Faculty of Health Sciences, University of Maribor, Maribor, Slovenia.
PLoS One. 2012;7(3):e33812. doi: 10.1371/journal.pone.0033812. Epub 2012 Mar 30.
Classification is an important and widely used machine learning technique in bioinformatics. Researchers and other end-users of machine learning software often prefer to work with comprehensible models where knowledge extraction and explanation of reasoning behind the classification model are possible.

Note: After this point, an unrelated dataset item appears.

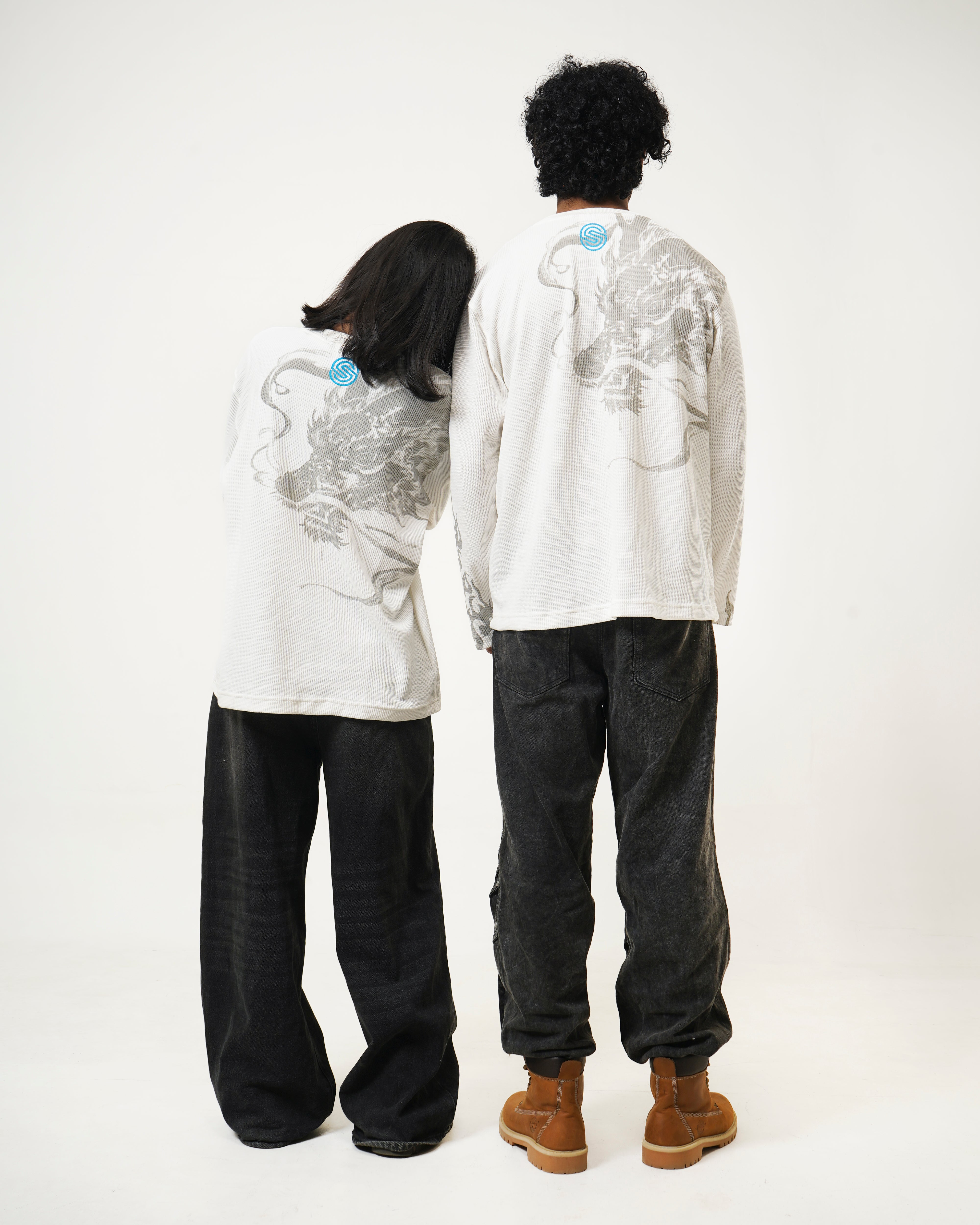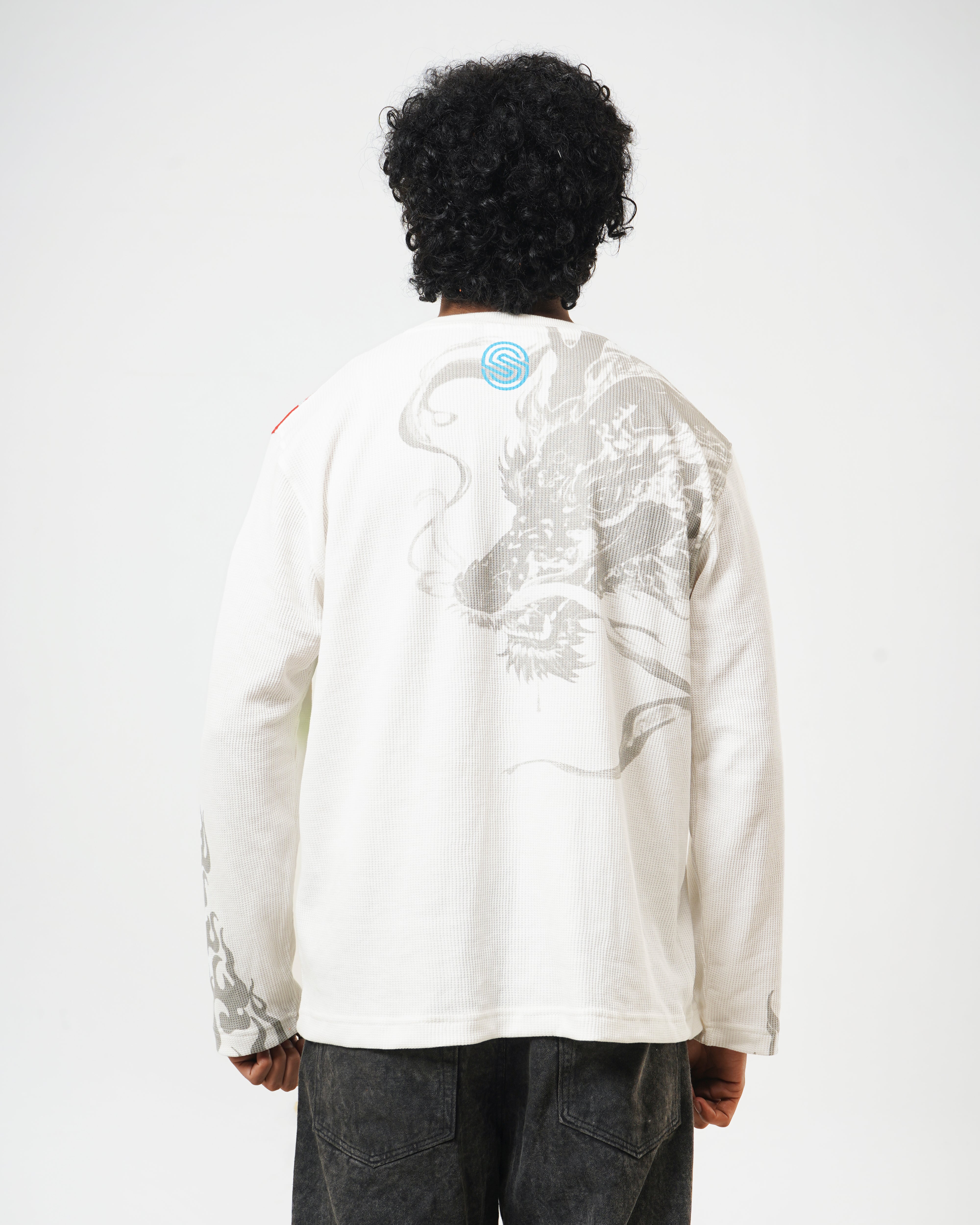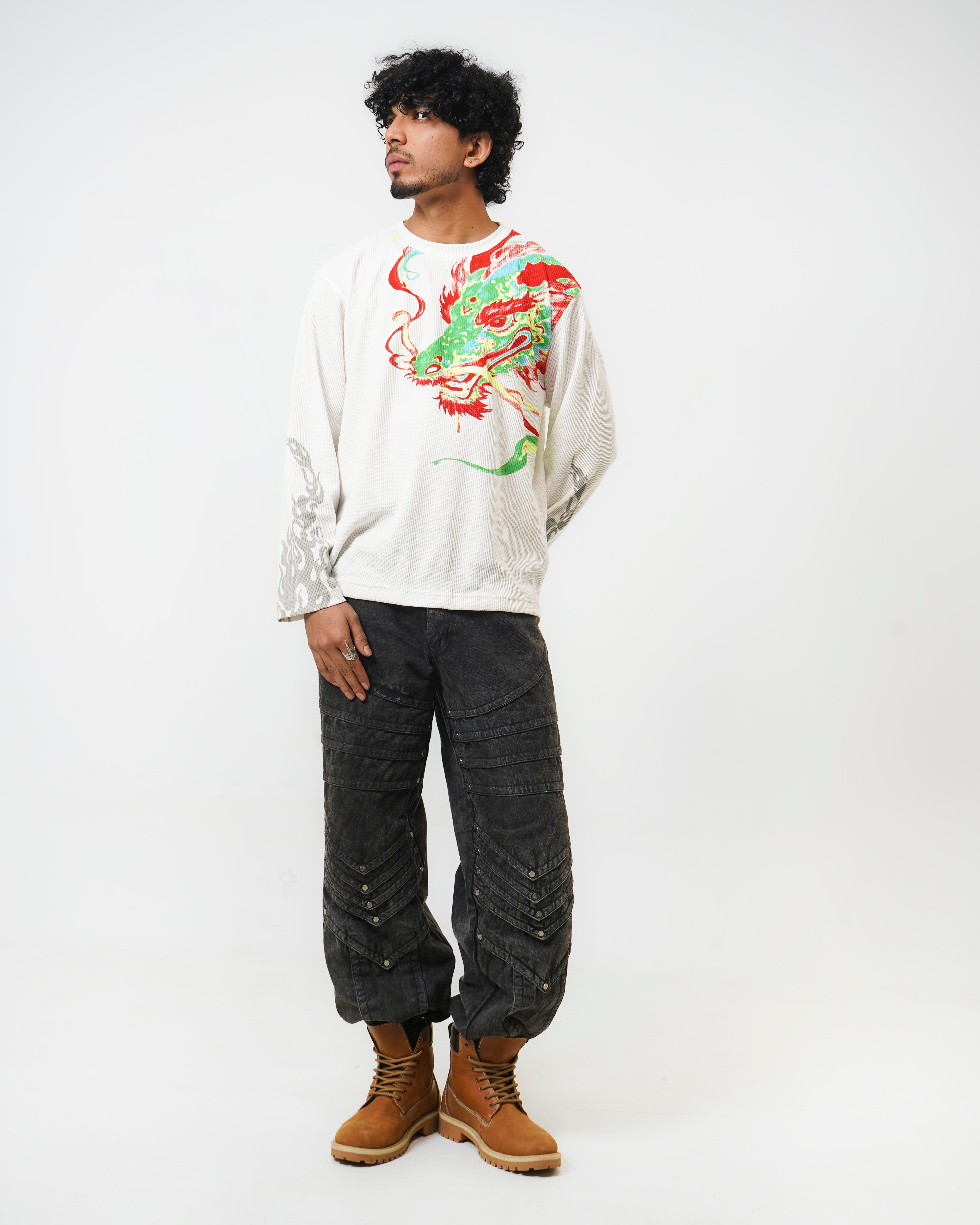 A fusion of high-voltage color and silent shadows. The Arc Fire full-sleeve T-shirt is centered around the prismatic dragon—a symbol of raw energy. Balanced by a monochromatic reverse print and signature flame-detailed sleeves, this piece is designed for those who "Ignite the Calm."
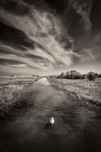 A monochrome photograph of a lone white swan gliding along an empty river in North Wales. The remote landscape and tranquil atmosphere are captured under a sky with soft wispy clouds creating a peaceful minimalist scene. A perfect photograph for nature lovers or those seeking serene imagery to complement calm quiet spaces.

This paper presents an extension to an existing machine learning environment and a study on visual tuning of decision tree classifiers. The motivation for this research comes from the need to build effective and easily interpretable decision tree models by so called one-button data mining approach where no parameter tuning is needed. To avoid bias in classification, no classification performance measure is used during the tuning of the model that is constrained exclusively by the dimensions of the produced decision tree.
The proposed visual tuning of decision trees was evaluated on 40 datasets containing classical machine learning problems and 31 datasets from the field of bioinformatics. Although we did not expected significant differences in classification performance, the results demonstrate a significant increase of accuracy in less complex visually tuned decision trees. In contrast to classical machine learning benchmarking datasets, we observe higher accuracy gains in bioinformatics datasets. Additionally, a user study was carried out to confirm the assumption that the tree tuning times are significantly lower for the proposed method in comparison to manual tuning of the decision tree.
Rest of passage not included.